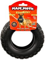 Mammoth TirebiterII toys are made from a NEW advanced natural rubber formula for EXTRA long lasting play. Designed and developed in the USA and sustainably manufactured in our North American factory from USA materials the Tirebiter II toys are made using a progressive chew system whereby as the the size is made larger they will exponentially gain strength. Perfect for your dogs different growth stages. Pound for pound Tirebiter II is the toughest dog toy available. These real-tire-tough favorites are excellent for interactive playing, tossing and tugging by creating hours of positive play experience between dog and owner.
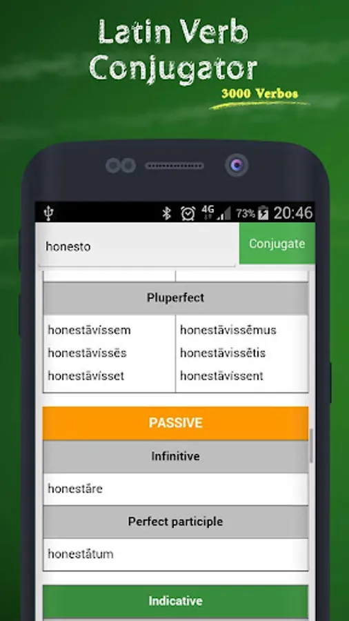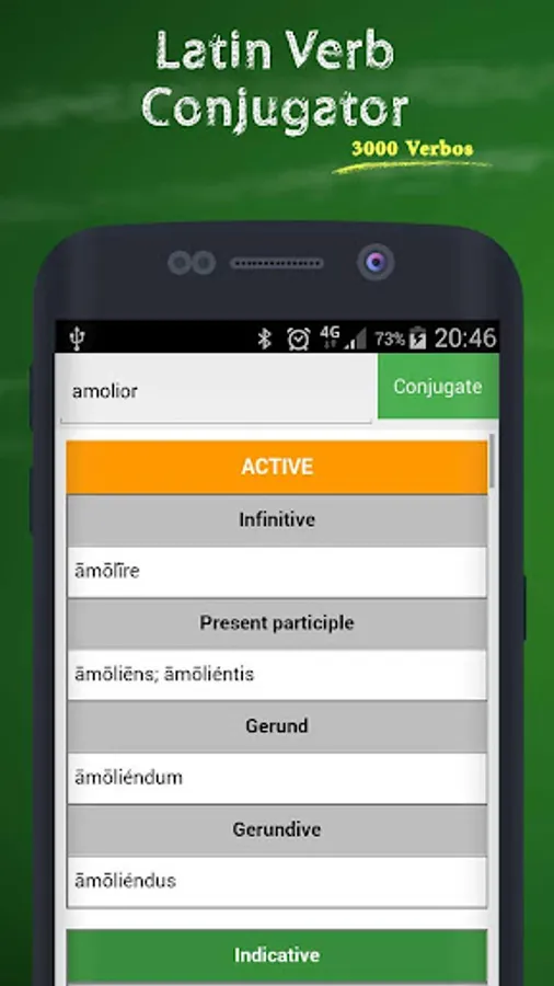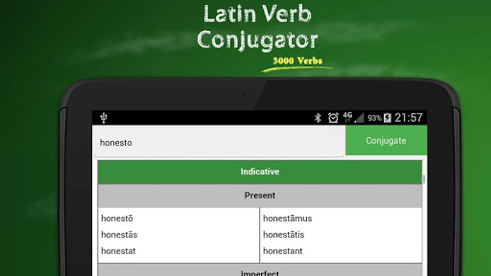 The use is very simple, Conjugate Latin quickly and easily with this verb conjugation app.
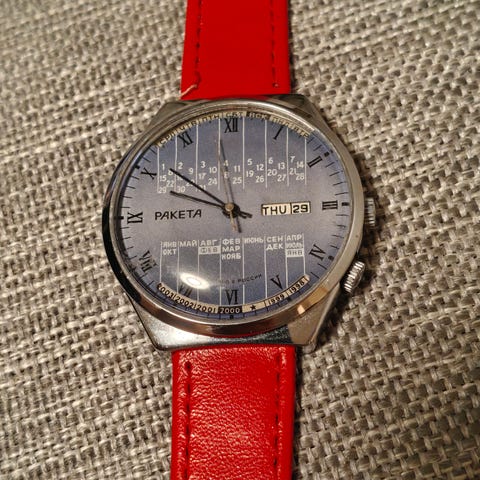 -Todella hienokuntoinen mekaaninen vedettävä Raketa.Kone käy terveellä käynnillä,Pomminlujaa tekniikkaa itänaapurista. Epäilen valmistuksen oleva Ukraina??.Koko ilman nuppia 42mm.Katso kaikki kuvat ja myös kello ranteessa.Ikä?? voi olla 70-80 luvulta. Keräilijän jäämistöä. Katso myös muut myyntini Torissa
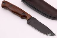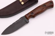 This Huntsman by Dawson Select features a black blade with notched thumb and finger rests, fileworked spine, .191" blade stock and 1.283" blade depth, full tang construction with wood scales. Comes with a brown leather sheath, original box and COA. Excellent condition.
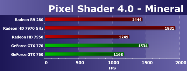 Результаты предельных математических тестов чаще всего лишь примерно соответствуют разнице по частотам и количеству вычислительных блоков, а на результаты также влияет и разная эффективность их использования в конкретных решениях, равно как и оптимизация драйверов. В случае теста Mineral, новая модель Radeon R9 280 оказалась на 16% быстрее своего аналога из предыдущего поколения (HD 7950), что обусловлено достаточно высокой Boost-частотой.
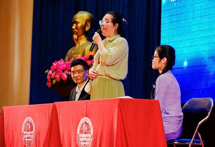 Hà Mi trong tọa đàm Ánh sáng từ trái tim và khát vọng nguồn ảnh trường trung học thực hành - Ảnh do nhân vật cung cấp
==
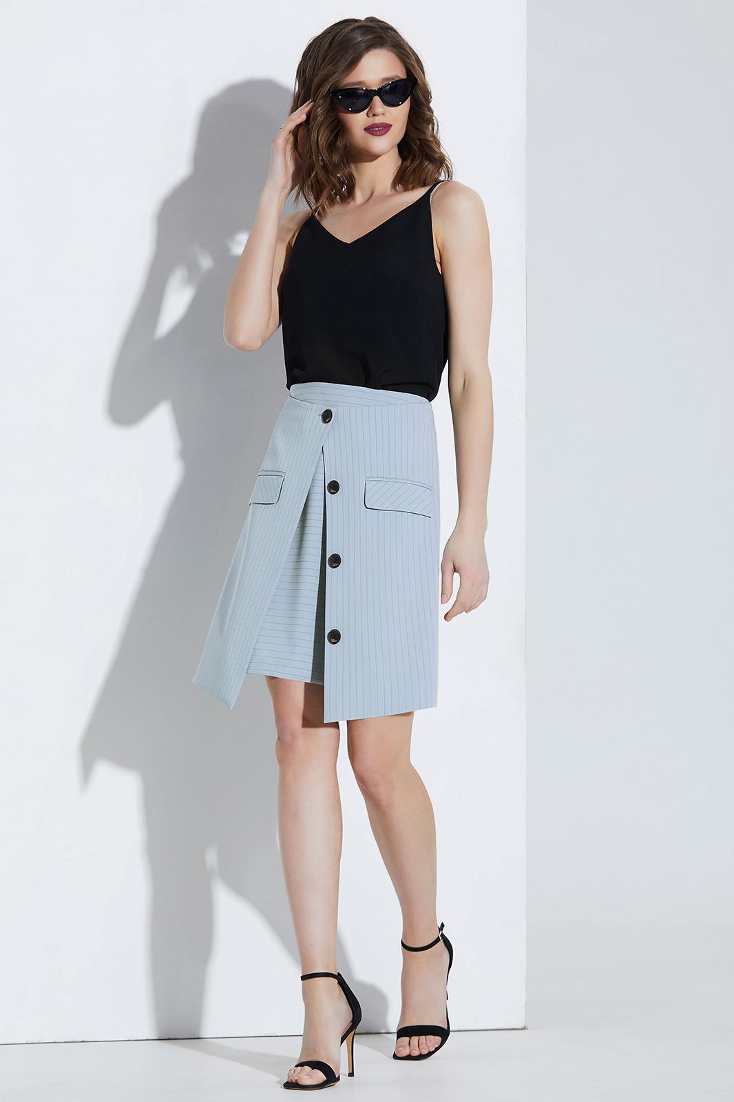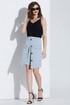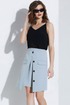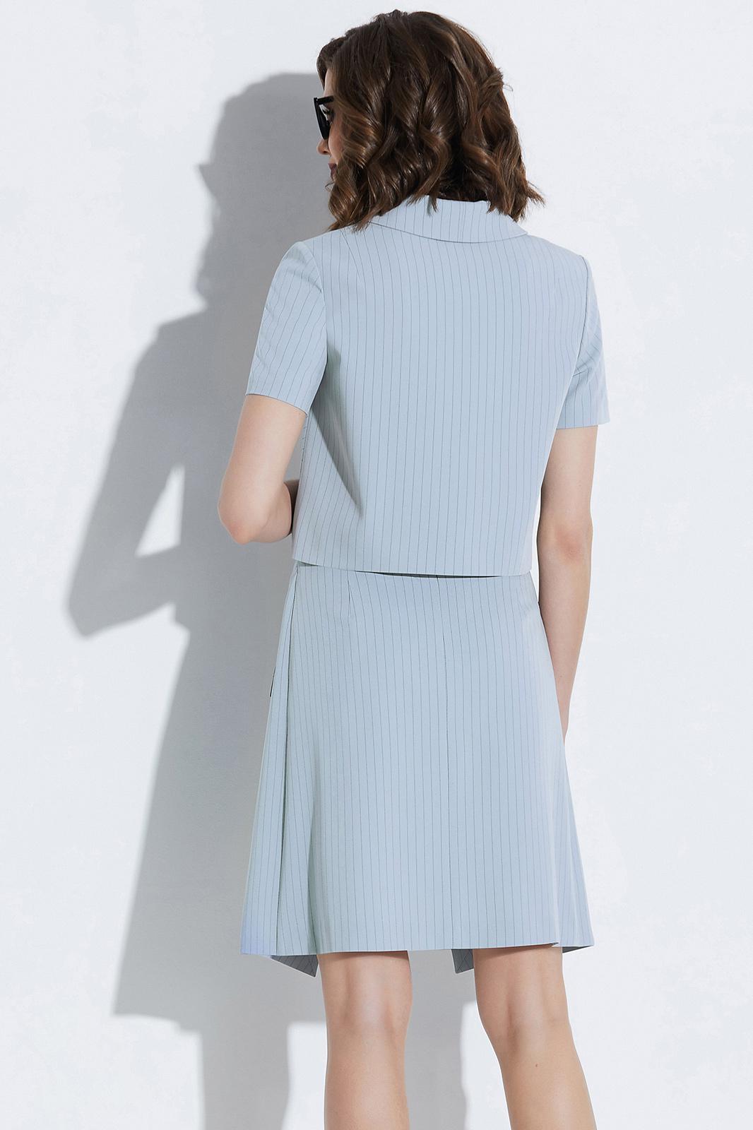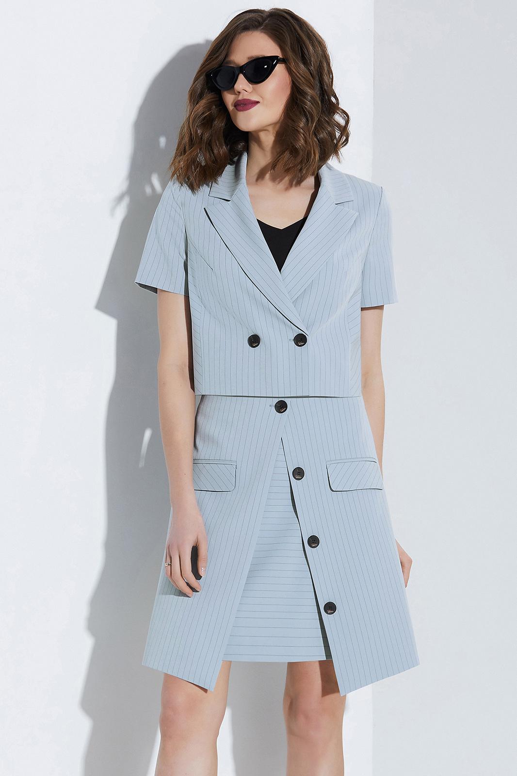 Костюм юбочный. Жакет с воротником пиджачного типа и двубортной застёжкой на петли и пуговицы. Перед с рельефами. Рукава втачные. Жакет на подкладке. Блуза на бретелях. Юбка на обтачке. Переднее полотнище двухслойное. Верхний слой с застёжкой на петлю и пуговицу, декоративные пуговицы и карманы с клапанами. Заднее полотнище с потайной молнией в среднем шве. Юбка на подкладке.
==
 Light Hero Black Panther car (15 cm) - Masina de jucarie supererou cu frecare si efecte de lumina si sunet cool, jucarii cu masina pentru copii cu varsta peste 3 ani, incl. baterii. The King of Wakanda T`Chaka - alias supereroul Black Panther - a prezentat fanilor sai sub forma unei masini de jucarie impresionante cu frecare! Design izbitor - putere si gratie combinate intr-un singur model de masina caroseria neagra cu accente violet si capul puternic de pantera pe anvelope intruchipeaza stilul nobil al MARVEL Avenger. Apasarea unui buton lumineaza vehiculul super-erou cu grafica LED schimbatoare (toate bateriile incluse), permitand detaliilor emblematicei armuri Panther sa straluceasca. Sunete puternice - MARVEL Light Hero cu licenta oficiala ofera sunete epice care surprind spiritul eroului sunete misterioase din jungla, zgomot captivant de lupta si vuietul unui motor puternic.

■ WORK TO COMPLETE ■
The answer is those lines of the material above that run from the one containing "Результаты предельных математических" up to and including the one containing "Hà Mi trong", restated exactly and without images.

■ RESULT ■
 Результаты предельных математических тестов чаще всего лишь примерно соответствуют разнице по частотам и количеству вычислительных блоков, а на результаты также влияет и разная эффективность их использования в конкретных решениях, равно как и оптимизация драйверов. В случае теста Mineral, новая модель Radeon R9 280 оказалась на 16% быстрее своего аналога из предыдущего поколения (HD 7950), что обусловлено достаточно высокой Boost-частотой.
 Hà Mi trong tọa đàm Ánh sáng từ trái tim và khát vọng nguồn ảnh trường trung học thực hành - Ảnh do nhân vật cung cấp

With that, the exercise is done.